Omost: Region-Aware Guided Image Generation

One of the biggest challenges in text-to-image generation is composition. You can write a beautifully detailed prompt describing a complex scene, only for the model to ignore key elements or misplace objects.

Omost is an experimental project from Lvmin Zhang that explores using large language models (LLMs) for scene composition in Stable Diffusion pipelines. Rather than relying solely on a single prompt, Omost introduces a Canvas system where a fine-tuned LLM generates a detailed scene composed of global and local components. The components are then used to guide the image generation in a region-aware manner.

This post will be an overview of the project, its novel approach to scene composition, and how it produces more coherent and detailed images. We’ll end with a gallery of examples and a demo.

Note

Throughout this post, I’ll use “the LLM” to refer to the specific language model used, and “SDXL” to refer to the Stable Diffusion pipeline.

Introduction

I was looking into controlled generation and came across Omost while surveying other similar projects. The creator is a Stanford PhD candidate and well-known in the CV and AI communities for Fooocus, Forge, ControlNet (2023 ICCV best paper), and other projects. Omost reminded me of Fooocus in that it could generate beautiful images from simple prompts with no “prompt engineering” required.

To understand how Omost improves upon the default SDXL pipeline, we first need to establish a baseline understanding of how Stable Diffusion works.

Note

Read Hugging Face’s The Annotated Diffusion Model and Jay Alammar’s The Illustrated Diffusion for a more in-depth look at training and inference.

Stable Diffusion

The diffusion process looks like this:

Start the image with random noise
Gradually remove the noise
Stop when the image looks good

The perfect cyberpunk cat (model: Fluently XL)
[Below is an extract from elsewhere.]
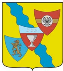
Municipio 4 Media Val Bisagno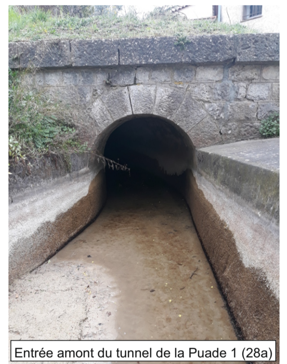
Entrée amont du tunnel de la Puade 1 (28a)

Tunnel de 31,37 m de long passant sous une propriété privée bâtie, lieu-dit les Loubonnières, commune de Grasse. Le tunnel doit passer à proximité immédiate du bâti. La voûte de ce tunnel est constituée de pierres maçonnées (Cf. schémas, photo).

Stable Diffusion is known as a latent diffusion model or LDM because it operates in a compressed latent space rather than pixel space. In other words, if you are generating a 1024x1024 pixel image, the latent image being denoised by the UNet will be 128x128 pixels (8x reduction). A decoder is responsible for decompressing the denoised latent image.

When prompting Stable Diffusion models, there is a limit to how much information and detail you can provide. This is because SDXL pipelines use two different text encoders from the CLIP and OpenCLIP families.

CLIP

CLIP (contrastive language-image pre-training) accels at tasks like zero-shot image classification. It can tell you if an image looks like a cyberpunk cat, but it can’t explain to you what a cyberpunk cat is. This is because CLIP was trained with a contrastive objective, where it learned to score how similar or different images and captions are. This differs from how a LLM is trained, where it must learn to predict exact sequences of text.
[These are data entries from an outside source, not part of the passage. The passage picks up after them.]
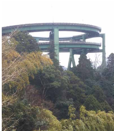
河津七滝ループ橋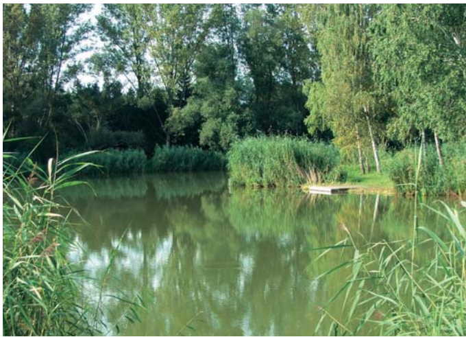
Előtte: nyári idill a régi tavon

Nincs ez másképpen – a helyi horgászok által a szezonban gyakran látogatott – vasvári Csónakázótóval sem. Ahogy jönnek a hidegek, és a halak kapókedve csökken, úgy a pecások nagy része is elmarad a vizek partjára.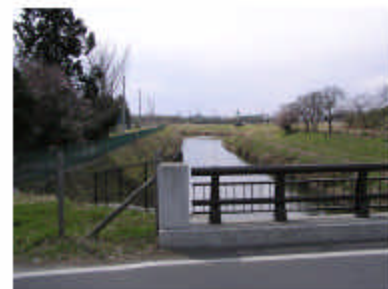
葛西橋の南側はこうなっている のですが…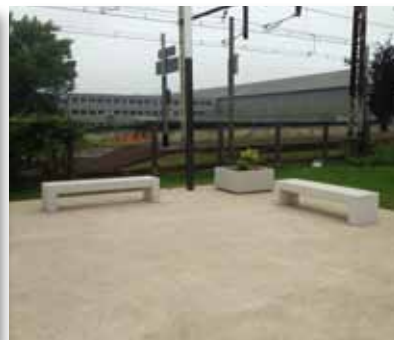
Aménagement de l'espace public extérieur

Because CLIP doesn’t understand natural language the same way a LLM does, it can struggle with complex prompts describing very detailed scenes. Certain details will be lost or misinterpreted. Omost aims to circumvent this limitation by having the model focus on specific regions of the image while generating it.

Image Generation

Text generation is fundamentally a sequence modeling problem - predicting the next token given the previous ones. Each new word only depends on what came before it.

Images, however, are 2D structures where each pixel is spatially related to its neighbors in multiple directions. This makes predicting pixels much more complex than words.

Stable Diffusion reduces this complexity by working in a compressed latent space. At each inference step, we are asking the UNet to guess how to make the current working image look more like a cyberpunk cat. This is a much easier problem to solve than predicting all pixels directly.

Note

I will briefly cover diffusion transformers, which essentially reframes the denoising process as a sequence of tokens to predict, towards the end.

Canvas

Omost’s Canvas system is a novel approach to scene composition. LLMs are really good at generating code, particularly Python. The idea was to give the LLM a way to describe an image using a structured format it was already familiar with.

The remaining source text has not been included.